The security review changes shape entirely. The prevailing question in an enterprise AI security review today is “how do you ensure this agent won't leak data?”, which doesn't really have a good answer under the current paradigm. Under NectryCore, the question becomes “which properties have been proven, and do those properties match our policy?”. That second question has a finite, enumerable, checkable answer. In our experience so far, this is what turns a six-month review into a conversation.

§ 6

Prior art, and why this approach is finally viable.

Formal verification as a discipline goes back to the work of Floyd, Hoare, and Milner in the late 1960s and 70s. Verified compilers, kernels, and cryptographic protocol libraries have existed in production for two decades. The most-cited examples are seL4, the first general-purpose OS kernel with a machine-checked proof of correctness, and CompCert, a C compiler whose soundness has been mechanically verified against its semantic specification. NectryCore descends from the Ur/Web[1] line of work Adam has been pursuing since 2006.

A fair objection is that formal methods have been proposed for enterprise software many times over the last forty years and have never quite taken hold. The reason is economic, not technical. Writing formally verifiable software by hand has historically required specialist engineers and years of effort per system, which is an investment profile that makes sense for avionics or cryptographic libraries but not for a travel-and-expense auditor.

Two developments have changed the picture. First, the theory and tooling for restricted languages with strong static guarantees have matured enough that building a practical compiler in this style is now an engineering project rather than a research program. Second, large language models have made it economically viable for the first time to generate programs in such a language from plain-English intent. The PhD-level work is done once, in the compiler. The application-specific work is done in seconds, at the cost of a few tokens.

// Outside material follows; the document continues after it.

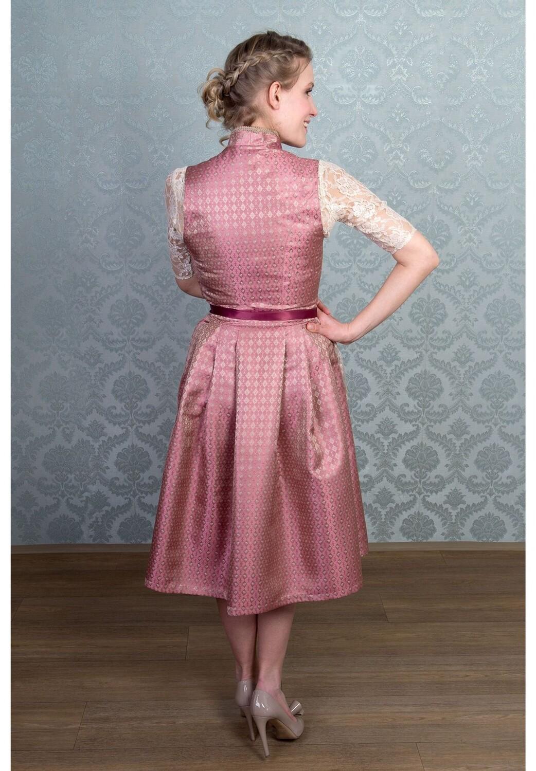 Традиция и элегантность - прекрасно сочетаются в нашей юбке принцессы «Диана». Парчовая ткань этой юбки, украшенной розами и цветочными завитками, элегантно переливается золотом и розовым. Элегантный образ подчеркивает золотая кайма сверху и шнуровка из золотой атласной ленты. В тон идет богато расшитый кружевной фартук нежно-розового цвета. В комплект поставки входят платье в дирндле и фартук в дирндле!

The combination of formal methods plus LLM code generation plus a language designed for both is, we'll claim, what finally makes provable security an achievable product category for enterprise AI rather than a research milestone. It took us twenty years to arrive at the language and compiler that make this work. We think the timing is now right.

§ 7

References.

[1]

Chlipala, A. Ur/Web: A Simple Model for Programming the Web. POPL 2015.

[2]

Klein, G. et al. seL4: Formal Verification of an OS Kernel. Proceedings of the 22nd ACM Symposium on Operating Systems Principles (SOSP), 2009.

[3]

Leroy, X. Formal Verification of a Realistic Compiler. Communications of the ACM, 52(7), 2009.

[4]

Erbsen, A., Philipoom, J., Gross, J., Sloan, R., Chlipala, A. Simple High-Level Code for Cryptographic Arithmetic: With Proofs, Without Compromises. IEEE Symposium on Security and Privacy (S&P), 2019. Deployed in the TLS implementations of all major web browsers.